SUPPLIED RECORDS:
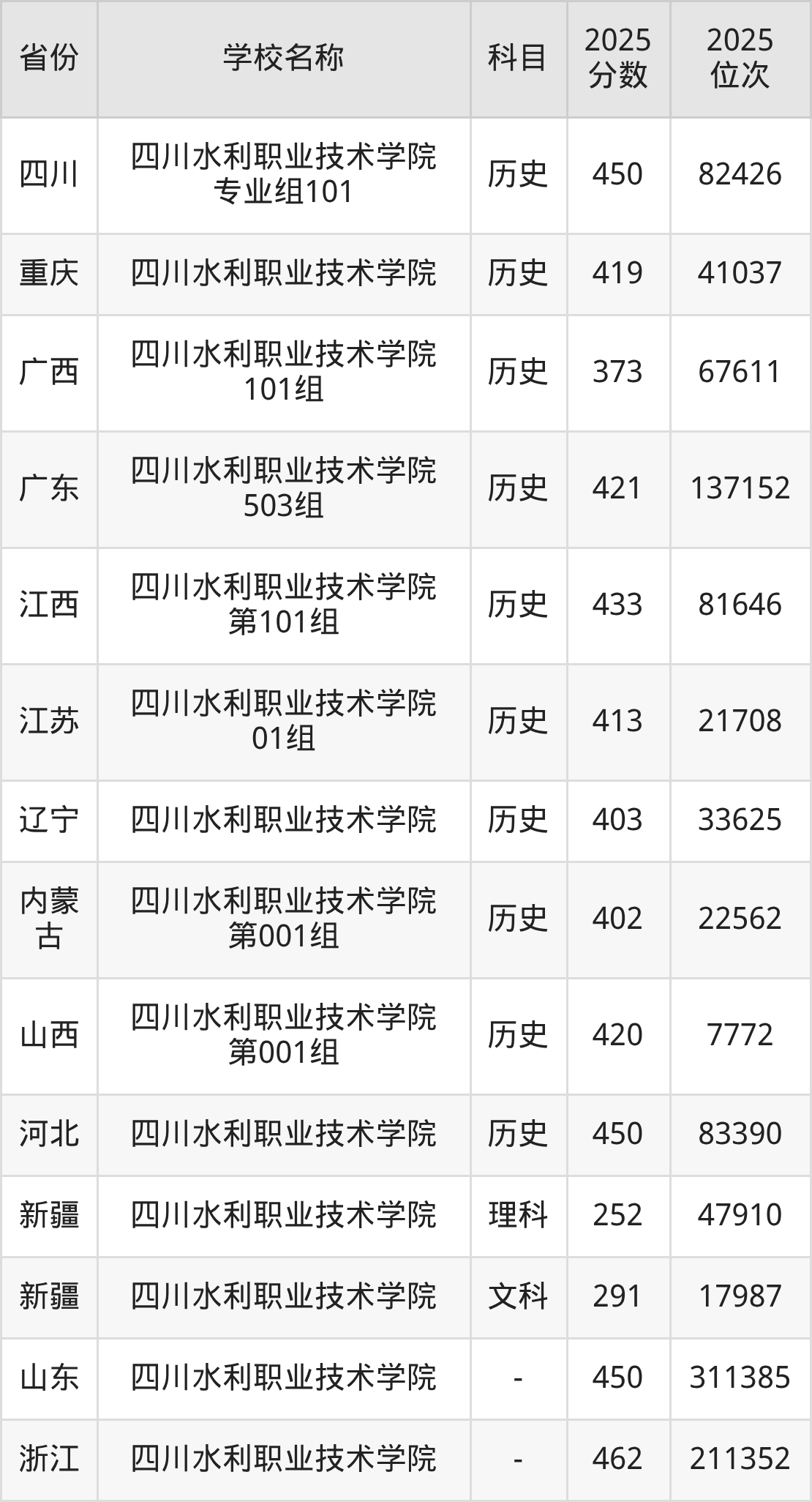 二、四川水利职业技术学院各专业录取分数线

--

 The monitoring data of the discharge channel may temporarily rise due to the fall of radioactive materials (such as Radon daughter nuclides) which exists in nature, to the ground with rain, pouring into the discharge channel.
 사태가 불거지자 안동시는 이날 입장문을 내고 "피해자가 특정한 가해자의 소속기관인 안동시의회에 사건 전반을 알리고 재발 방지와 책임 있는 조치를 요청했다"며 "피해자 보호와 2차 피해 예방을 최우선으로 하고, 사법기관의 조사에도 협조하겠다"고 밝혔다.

PROBLEM:
Both end lines included, restate word for word the lines above from the line with "The monitoring data" to the line with "사태가 불거지자 안동시는", and nothing else.

WRITTEN ANSWER:
 The monitoring data of the discharge channel may temporarily rise due to the fall of radioactive materials (such as Radon daughter nuclides) which exists in nature, to the ground with rain, pouring into the discharge channel.
 사태가 불거지자 안동시는 이날 입장문을 내고 "피해자가 특정한 가해자의 소속기관인 안동시의회에 사건 전반을 알리고 재발 방지와 책임 있는 조치를 요청했다"며 "피해자 보호와 2차 피해 예방을 최우선으로 하고, 사법기관의 조사에도 협조하겠다"고 밝혔다.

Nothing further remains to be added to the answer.